I drew peg 2, luckily a short walk. This peg has an inviting margin just top kit distance to the left and close to the bank just twenty inches deep, plenty for me to be confident fish would feed there. Again because of the distance I fed micros by hand and one fish showed up very quickly. But I didn't get a bite in the swim for four hours, a nightmare. Even switching to feeding the micros in a pot didn't improve the situation. With forty pound in the net from my backup line and two hours to go I changed the feed in the margin to just a few grains of corn and a small amount of micros. Very soon large fish started to show and with 90 minutes to go I hooked and landed a seven pound carp. This was followed by three at five pounds and several more smaller fish. Final weight 103 pound and fourth in the match only six pound off second.
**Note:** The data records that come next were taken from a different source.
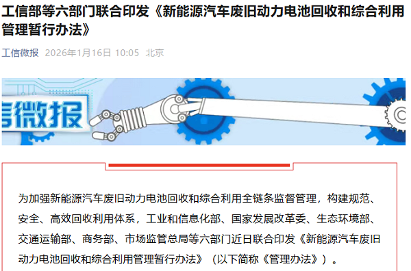 近日,工业和信息化部等六部门联合发布《新能源汽车废旧动力电池回收和综合利用管理暂行办法》(以下简称“管理办法”),提出遵循“全渠道、全链条、全生命周期”的管理思路,涵盖重点设计“车电一体报废”、建立新能源汽车动力电池数字身份证管理制度等。新规自2026年4月1日起施行。
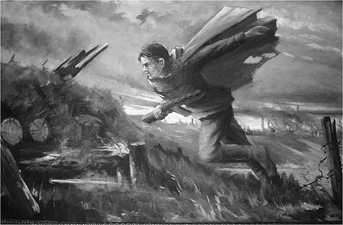 20 августа 1944 года в бою под с. Талмаз Молдавской ССР сержант П. Банников был тяжело ранен, но не покинул поля брани. В критический момент рванулся к дзоту, закрыл его своей грудью, пулемёт захлебнулся, а рота с перекатным «У-р-ра!» устремилась на талмазские высоты. Село было освобождено от немецко-румынских оккупантов. П. Банников посмертно награждён орденом Отечественной войны I степени… Цветовая серо-зелёная гамма полотна, стремительный, резкий рывок вперёд солдата, развевающийся плащ подчёркивают динамику и внутреннюю силу героя. На заднем плане видны объятые пламенем крыши домов, деревья, руины. Напряжённое небо намеренно дисгармонично: нежно-голубые цвета переходят в серо-синие.
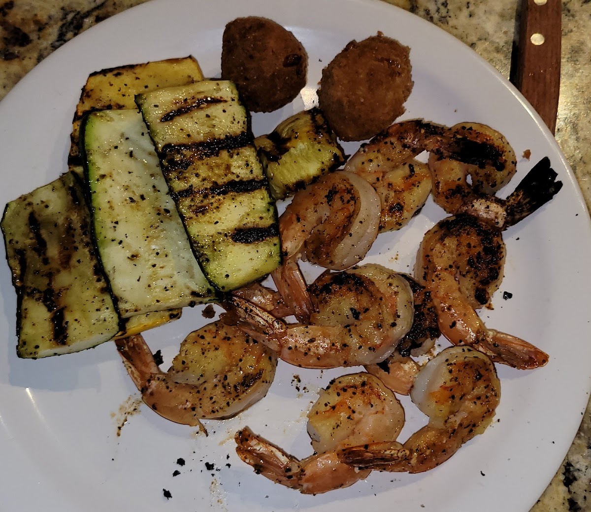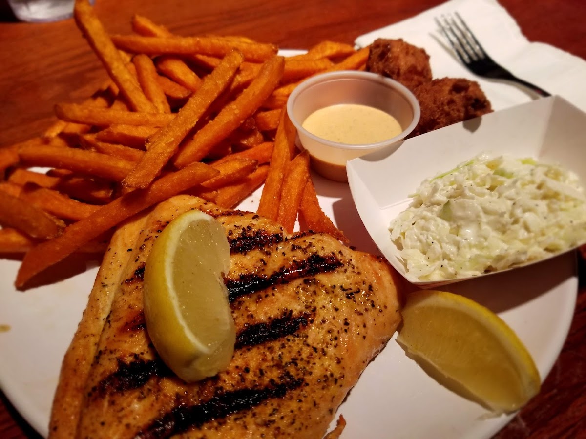 Simple, clean, good. This is a small venue but the food is delicious. I had grilled shrimp with grilled veggies of squash and zucchini, and everything was cooked perfectly with a crisp bite, not drenched in oil or grease like I've had elsewhere. The salad is just lettuce, a sliced tomato, and a red onion slice, with a tablespoon of dressing on the side, but that's okay, it's all I needed. The hush puppies were small and dense with a browned crust. I've seen other reviews so I'll be back to try their steak.
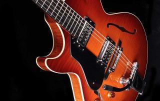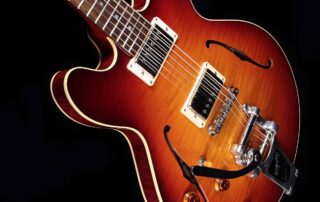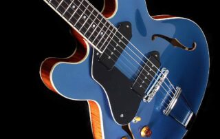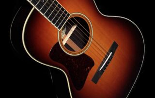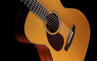 Here's a nice 2018 Collings OM1 T Julian Lage signature model, hide glue, ebony bridge and fingerboard, bone saddle, relic Waverly tunes with vintage oval buttons, customized with an Adirondack top. The guitar is in excellent condition, with light player wear and a couple of tiny indentations, one on the top, one on the side. [...]
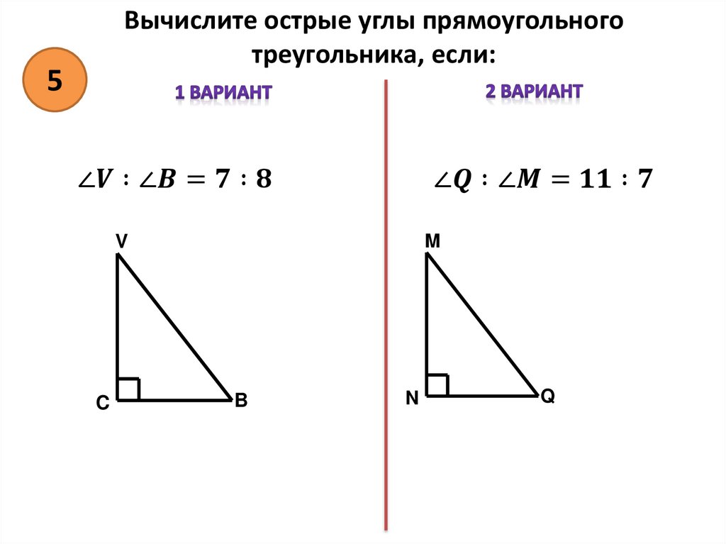 Математический диктант по геометрии 7 класс на тему _Прямоугольные треугольники_
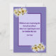Cette carte est conçue pour honorer la mémoire d'une personne à un service commémoratif ou à un enterrement. La photo est mise en place comme un modèle à remplacer par la photo de celle dont on se souvient. Trois bouquets de fleurs de maman araignée blanche sont exposés sur le devant sur un arrière - plan violet. "In Loving Memory" tourne autour de la photo. Le nom de la personne tourne autour du bas de la photo. L'année de naissance et l'année du décès se trouvent en bas de la carte. Cette carte peut être remise à un service commémoratif ou envoyée à ceux qui ne peuvent pas assister au service. Au dos se trouve la citation, "Tandis que nous pleurons la perte de notre amie, d'autres se réjouissent de la rencontrer derrière le voile," par John Taylor avec deux amas de maman d'araignée. Les mots sont conçus pour être personnalisés. Le design peut également être personnalisé avec votre propre découpe photo si vous le souhaitez. Si vous avez besoin d'aide pour personnaliser, s'il vous plaît contactez-moi.
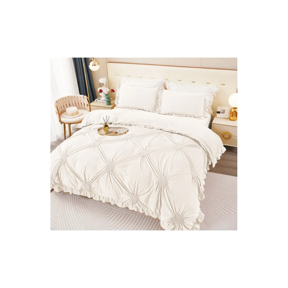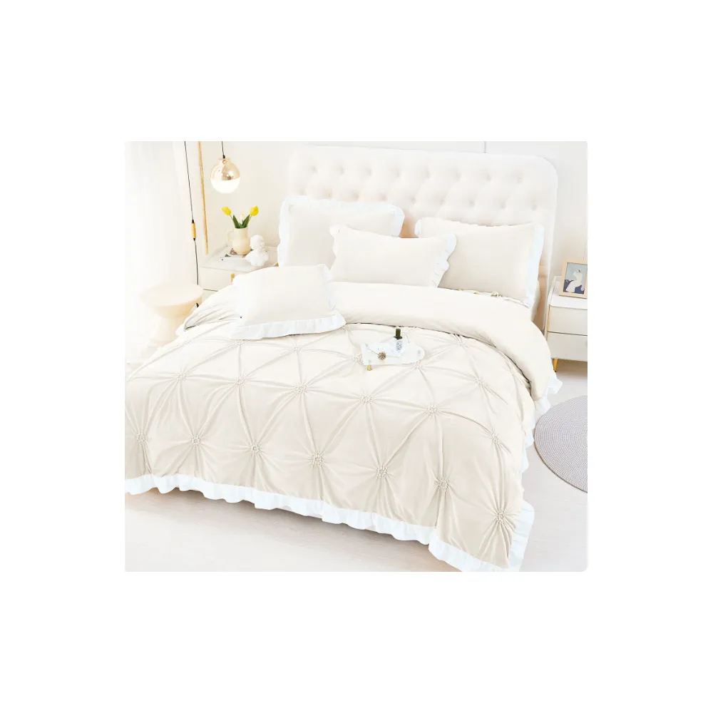 Lenjerie de Pat, 4 Piese din Catifea, cu Volanase, pentru Pat dublu, Cream Deschis - FR156
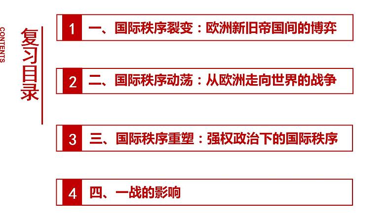 这是一份第28-1讲 第一次世界大战与战后国际秩序 课件--2024届高三统编版(2019)必修中外历史纲要下一轮复习,共38页。

It may have been the change in feed or it may have been a timing thing. I tend to favour the change of feed theory because the response to the change was rapid and obvious.

My margin rigs are as simple as I can make them. I prefer a float with a bristle so the BGT1 from Buygoodtackle.com* is ideal. I use the 0.2g size and shot that with two No.6 shot just above the 10 ten inch hooklength. I have taken to adding a spring eye just to protect the side eye.



Mainline is Reflo Power 0.17. Hooklength will either be 0.17 Reflo to a size 18 Fox Match Carp 2 (sadly no longer available thanks to Ricky Teal, but I stocked up) or 0.13 to a Kamasan B611 size 16. I have found the yellow Preston 16 solid to be a good elastic. I don't use pullas. I also have some 18-20 solid for days when the fish need a bit more control.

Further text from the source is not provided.